Personal information
- Full name: Tom Caluwé
- Date of birth: 11 April 1978 (age 48)
- Place of birth: Rumst, Belgium
- Height: 1.72 m (5 ft 8 in)
- Position: Midfielder

Team information
- Current team: Mechelen (sporting director)

Senior career*
- Years: Team / Apps / (Gls)
- 1996–2000: Mechelen / 85 / (16)
- 2000–2006: Willem II / 169 / (30)
- 2006–2009: Utrecht / 105 / (17)
- 2009–2010: Al-Wakrah / 19 / (3)
- 2010: Sint-Truiden / 12 / (0)
- 2011: AEK Larnaca / 13 / (1)
- 2011–2014: Londerzeel

International career
- 2006: Belgium / 1 / (1)

Managerial career
- 2014–2018: Mechelen (assistant)
- 2016: Mechelen (caretaker)
- 2017: Mechelen (caretaker)

= Tom Caluwé =

Belgian footballer

Tom Caluwé (born 11 April 1978) is a Belgian football manager, executive, and former player. He currently serves as the sporting director of K.V. Mechelen.

==Club career==
Caluwé is a midfielder who was born in Rumst and made his debut in professional football, being part of the K.V. Mechelen squad in the 1996–97 season. He also played for Willem II Tilburg and FC Utrecht in the Dutch Eredivisie before joining Al-Wakrah.

==International career==
Caluwé represented Belgium in the 1997 FIFA World Youth Championship and he has one A-cap in which he scored.
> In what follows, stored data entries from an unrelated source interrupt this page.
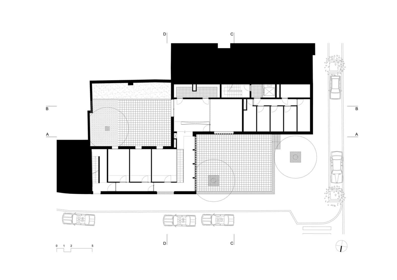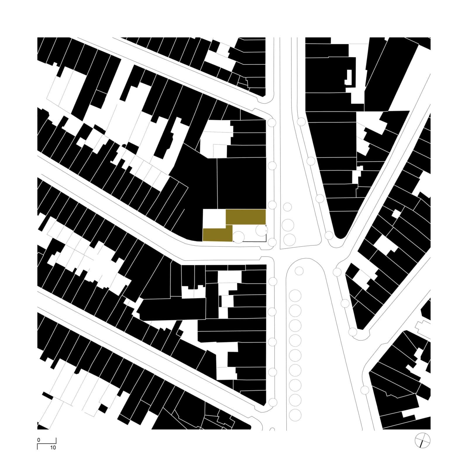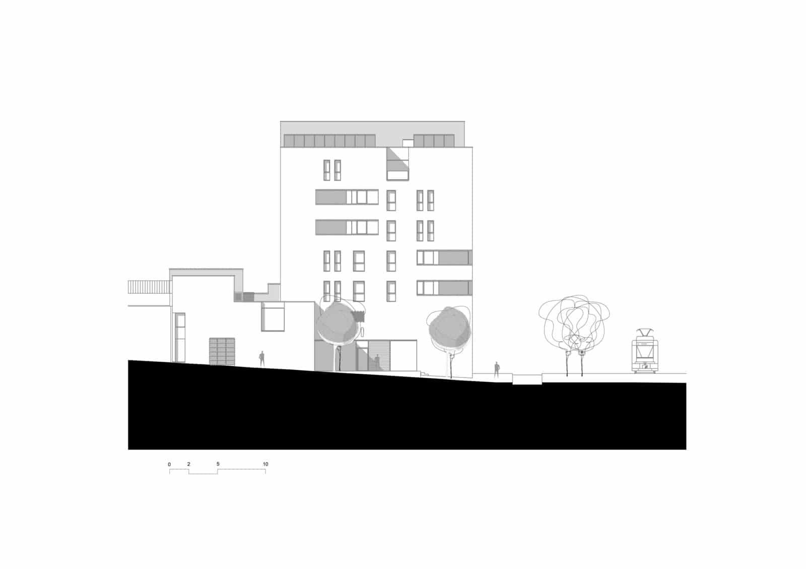 Olivier Dubucq : Comme je le disais, il faut se rappeler qu’il s’agit bien d’un “Koban” c’est-à-dire d’un lieu plutôt de dialogue et de médiation plutôt que de répression. Il nous semblait donc important d’ouvrir l’espace public pour donner un lieu tranquille en marge de la place Liedts très animée et en contact avec le commissariat, par une transition d’un trottoir généreux vers son parvis. Néanmoins, les entrées sont bien distinctes : le commissariat a son parvis, les logements leur adresse à rue. Les éléments sont imbriqués, les rapports sont induits mais non forcés : ils “cohabitent” comme vous dites. En outre, la topographie et la lumière jouent un rôle important : l’ensemble des fonctions publiques commissariat est de plain pied avec son parvis. Nous avons cherché à amener un maximum de lumière en intérieur d’îlot non seulement pour le bénéfice des logements mais aussi pour signifier cette continuité d’espace public au rez-de-chaussée, dans le prolongement du parvis. L’entrée des logements est elle au niveau de la rue des Palais : bien qu’un contact visuel soit possible, le niveau de l’entrée est plus basse que celui du parvis, marquant un frontière, même si elle est “poreuse”.
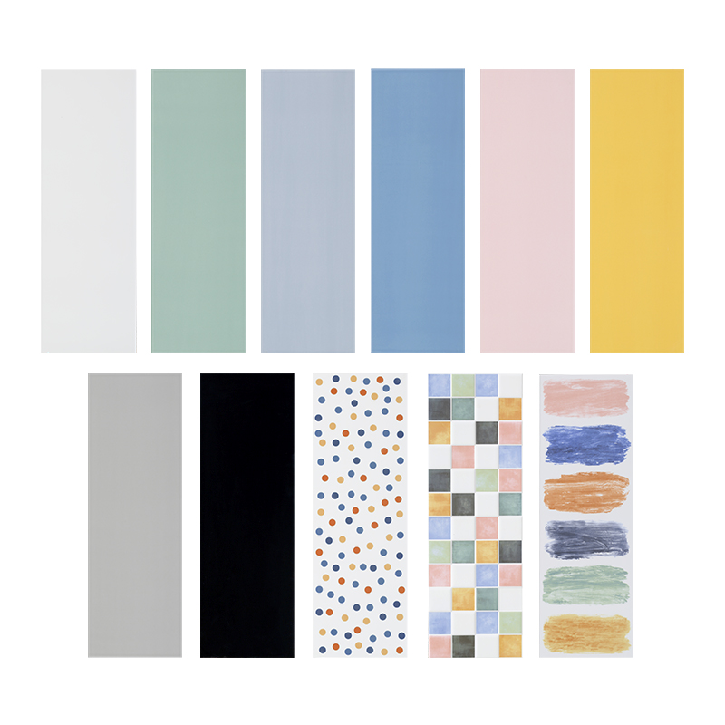 White Blue yellow black pink Light gray light green Light blue concave and convex particles Plane particles concave and convex checkered plane painted 300*600 Blue 300*300 black and white tiles
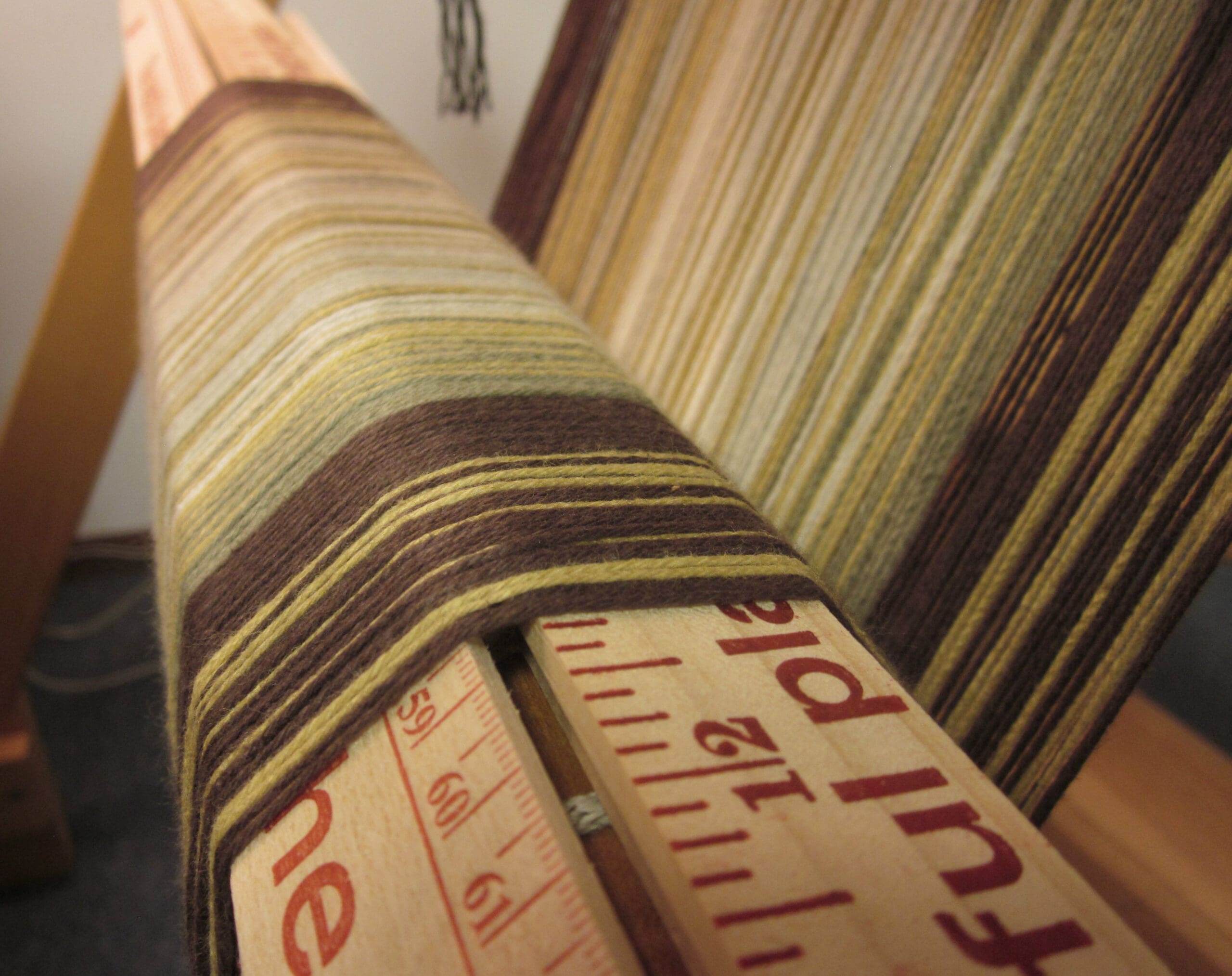 To help with the “equal tension” part of the program, I like to use yard sticks to ensure that the yarn is laying nice and flat! If you don’t use something (sticks or heavy paper), the yarn will begin to stack up in mountains and valleys as you wind on, causing some unexpected tension problems. Not good… really, really not good!
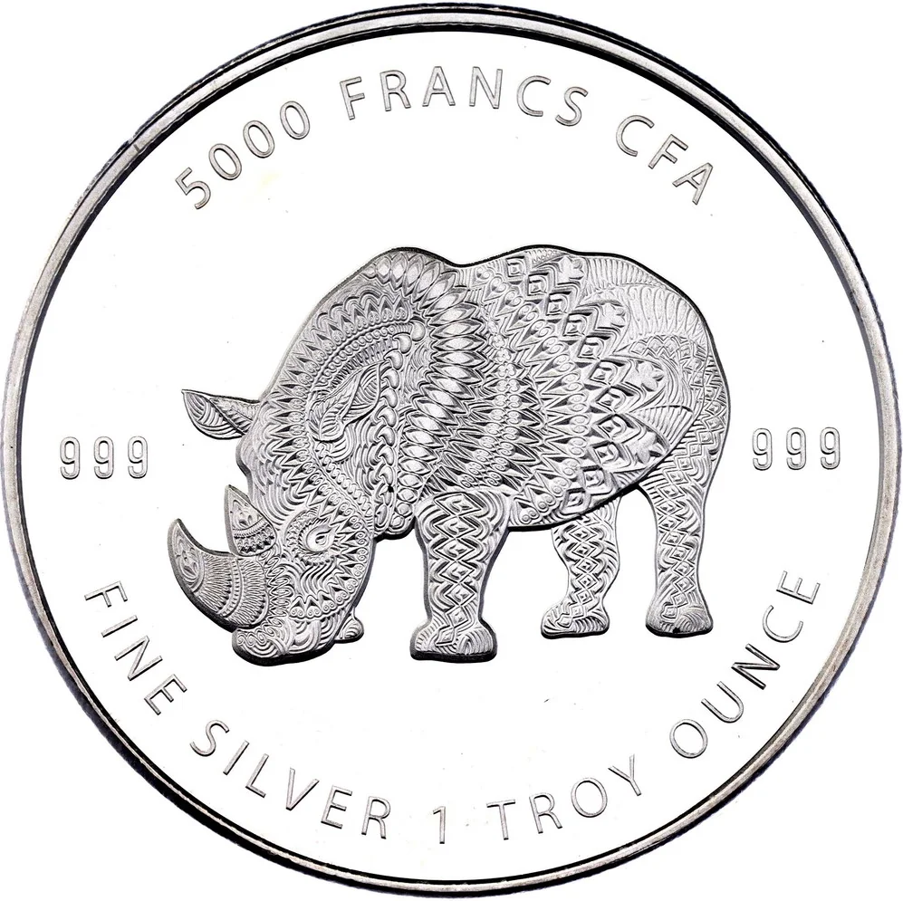 Rhinoceros with mandala print; denomination above, weight below, purity on sides.
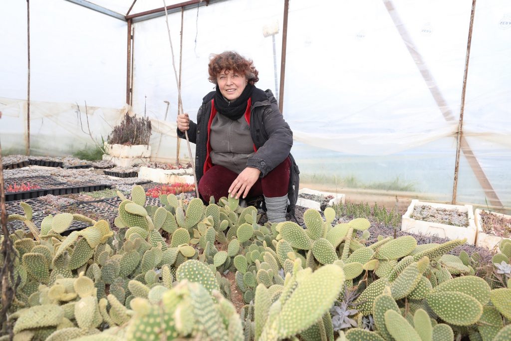 9 ülkeden getirdiği kaktüs türlerini Develi Köyü’ndeki serasında yetiştiren Hörü Mutlu, evinden serasına giderken yolunun üstündeki köpekleri de besliyor.
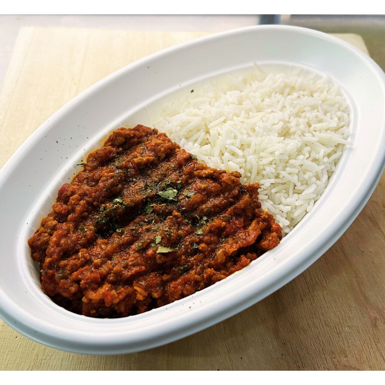 オリジナルブレンドのスパイスにこだわった豚ひき肉のキーマカレー。生姜のシャリシャリ感がアクセント。バスマティライスにも良く合います。
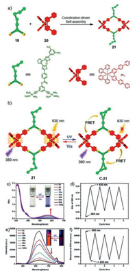 Photoswitchable fluorescence-resonance energy transfer within the metallacycles has attracted considerable attention because of their potential applications in fluorescence imaging, information storage, photoswitchable molecular devices, and reversible erase/rewrite optical materials. Recently, Yang and Xu et al. prepared a rhombic metallacycle 21 by stirring a mixture of the diarylethene-containing diplatinum(II) acceptor 19 and an Ir complex-containing donor 20 in a 1:1 ratio in a solution of acetone and water (Fig. 5) [86]. Notably, the large overlap between the emission spectrum of 20 and the absorption spectrum of ringclosed form of acceptor 19 (C-19) enabled the occurrence of FRET while the lack of spectral overlap between the emission spectrum of 20 and the absorption spectrum of ring-open form of acceptor 19 prevented the energy transfer from Ir complex to diarylethene unit. As depicted in Figs. 5c-e, upon irradiation the metallacycle 21 at 365 nm in a nitrogen atmosphere, a new absorption peak at 560 nm appeared and the emission peak at 630 nm decreased rapidly, which provided the direct evidence for the existence of FRET from the Ir complex to the ring-closed form diarylethene. However, after irradiation the above solution with visible light (λ > 430 nm), the absorption spectrum and the emission spectrum of metallacycle 21 could almost be fully recovered to its original state due to the reverse photoisomerization of diarylethene moieties. These results indicated that FRET can efficiently occur when the diarylethene unit was in its ring-closed form and light-controlled FRET switching was successfully achieved.

Tom Caluwé: International Goals
| Goal | Date | Venue | Opponent | Score | Result | Competition |
|---|---|---|---|---|---|---|
| 1 | 11 May 2006 | Trendwork Arena, Sittard | Saudi Arabia | 1–2 | Won | Friendly |

==Managerial career==
===KV Mechelen===
In the summer 2014, Caluwé returned to K.V. Mechelen as an assistant coach. In September 2016, Caluwé was appointed interim head coach, where he was in charge for one game, which he won 2–0 against Sint-Truidense. In October 2017, he was appointed interim head coach once again, this time for two games, which he both lost.

In May 2018, he was promoted to Mechelen's technical sporting department, as an assistant to the club's sporting director, Stefaan Vanroy. In the summer 2019, he was appointed sporting director of the club.